When the traced function returns to return_to_handler, there is no longer a return address on the stack, though the original return address is still stored in the task’s cur_ret_stack. Within ftrace_return_to_handler(), the original return address is removed from cur_ret_stack and is transiently moved arbitrarily by the compiler before being returned in rax. The return_to_handler trampoline moves this into rdi before jumping to it.

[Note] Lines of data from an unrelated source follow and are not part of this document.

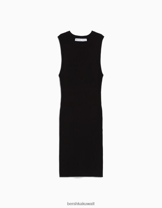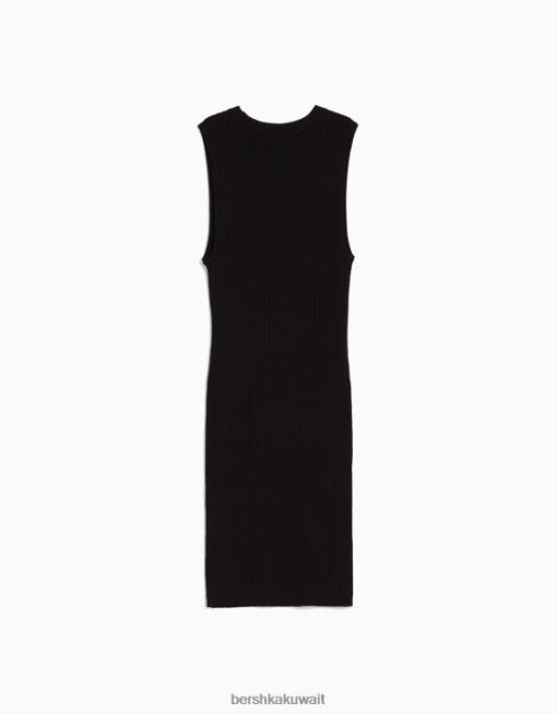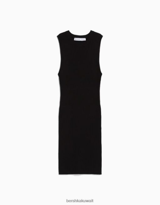 Bershka نحيف فستان قصير منسوج مضلع أسود 804X4097 ملابس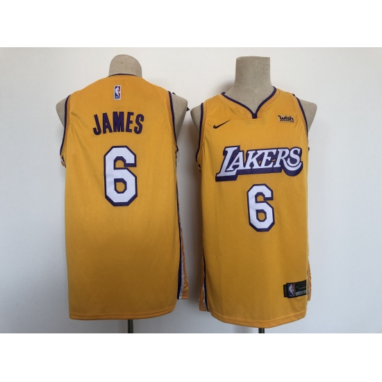 Men's Nike Los Angeles Lakers #6 LeBron James Yellow City Swingman Association Edition Jersey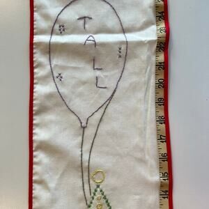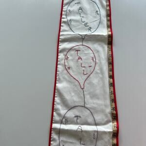 Tall Tall Taller growth chart with a clown at the base. Has a thin red border and a tape measured up the right side to measure a child’s growth! Has small pin hole and bottom where it was hung. Top left red border has some separation about 1/4” but holds together well. A nice vintage piece. Has not been washed or ironed. Please review photos for current condition of this vintage item.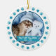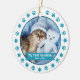 “My First Hanukkah.” Celebrate your new pet’s arrival this past year! A turquoise blue banner with your pet’s name and year in whimsical white typography overlays your kitten or puppy’s custom photo. A playful border of turquoise blue paw prints and Stars of David against white surrounds it. Feel the warmth and joy of the holiday season whenever you display this simple, stylish and modern personalised photo keepsake ornament. Choice of ceramic, metal, glass or premium metal frame materials and a circle or square shape. Perfect for the newly proud pet parent(s)!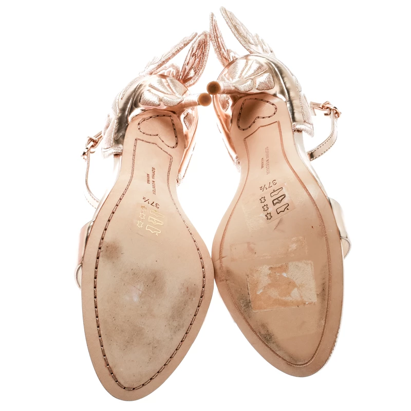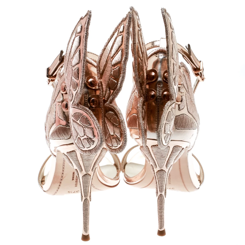 When it comes to quirky, stylish and modern designs, Sophia Webster tops our list! She charms us yet again with these metallic rose gold Chiara Butterfly sandals that are crafted from leather and feature an open toe silhouette. They flaunt single vamp straps and buckled ankle straps. The heel counters are shaped to resemble that of a butterfly’s wing and the wings extend out beautifully making the pair look amazing. They come equipped with comfortable leather lined insoles and 11 cm stiletto heels. Pair them with skirts or knee-length dresses for your special outings.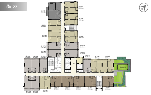 ชั้น 22 มีห้องพักอาศัยทั้งหมด 24 ยูนิต มีสวนหย่อมเล็กๆ อยู่ทางทิศตะวันออกด้วยค่ะ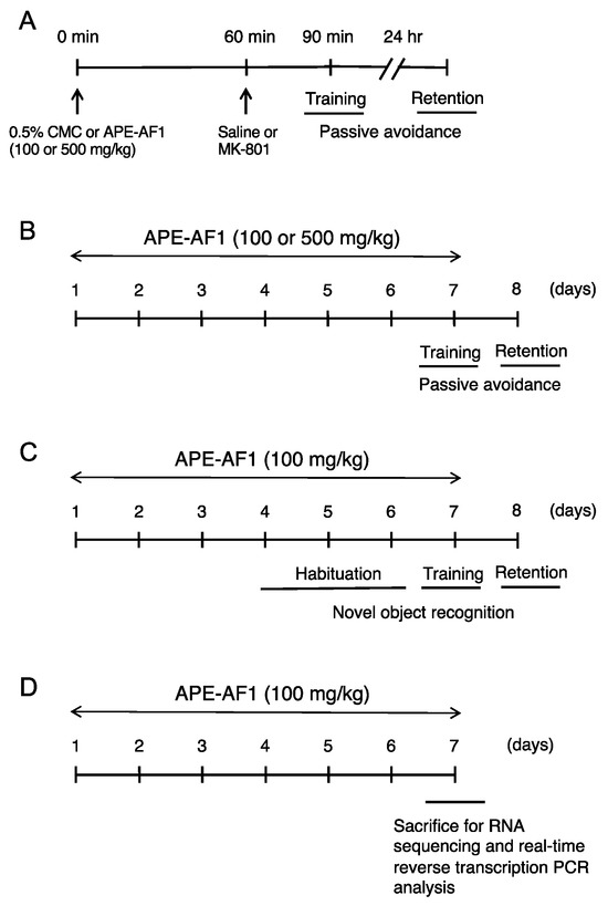 APE-AF1 was suspended in a 0.5% carboxymethyl cellulose (CMC) solution. MK-801 (Sigma-Aldrich, St. Louis, MO, USA) was dissolved in saline. The experimental design of each experiment is as described below.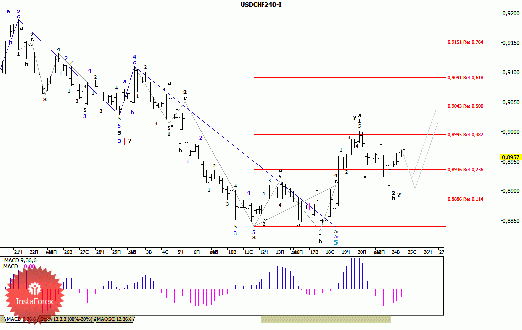 Весь вчерашний день пара USD/CHF медленно отходила от минимума понедельника (0.8920), сумев прибавить в цене чуть более 40 п.п. При этом если все снижение от максимума минувшей пятницы рассматривать в качестве коррекционной структуры, то можно предположить, что 2-я волна или b еще примет более сложную форму, а цена просядет к уровню 89-й фигуры. В то же время в условиях низкой активности торгов валютная пара может продолжить практически горизонтальное движение вдоль отметки 0,8950.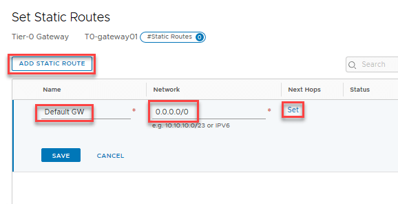 We do need to set a static route as a default gateway on the T0, so that traffic can find its way out. Go to the ‘Routing’ section and click ‘Set’ next to ‘Static Routes’.

Architectures might not always be able to unwind such sequences, such as when ftrace_return_to_handler() has removed the address from cur_ret_stack, and the location of the return address cannot be reliably determined.
It is recommended that architectures unwind cases where return_to_handler has not yet been returned to, but architectures are not required to unwind from the middle of return_to_handler and can report this as unreliable. Architectures are not required to unwind from other trampolines which modify the return address.
Some trampolines do not rewrite the return address in order to intercept returns, but do transiently clobber the return address or other unwind state.
For example, the x86_64 implementation of optprobes patches the probed function with a JMP instruction which targets the associated optprobe trampoline. When the probe is hit, the CPU will branch to the optprobe trampoline, and the address of the probed function is not held in any register or on the stack.
Similarly, the arm64 implementation of DYNAMIC_FTRACE_WITH_REGS patches traced functions with the following:
MOV X9, X30 BL <trampoline>
The MOV saves the link register (X30) into X9 to preserve the return address before the BL clobbers the link register and branches to the trampoline. At the start of the trampoline, the address of the traced function is in X9 rather than the link register as would usually be the case.
Architectures must either ensure that unwinders either reliably unwind such cases, or report the unwinding as unreliable.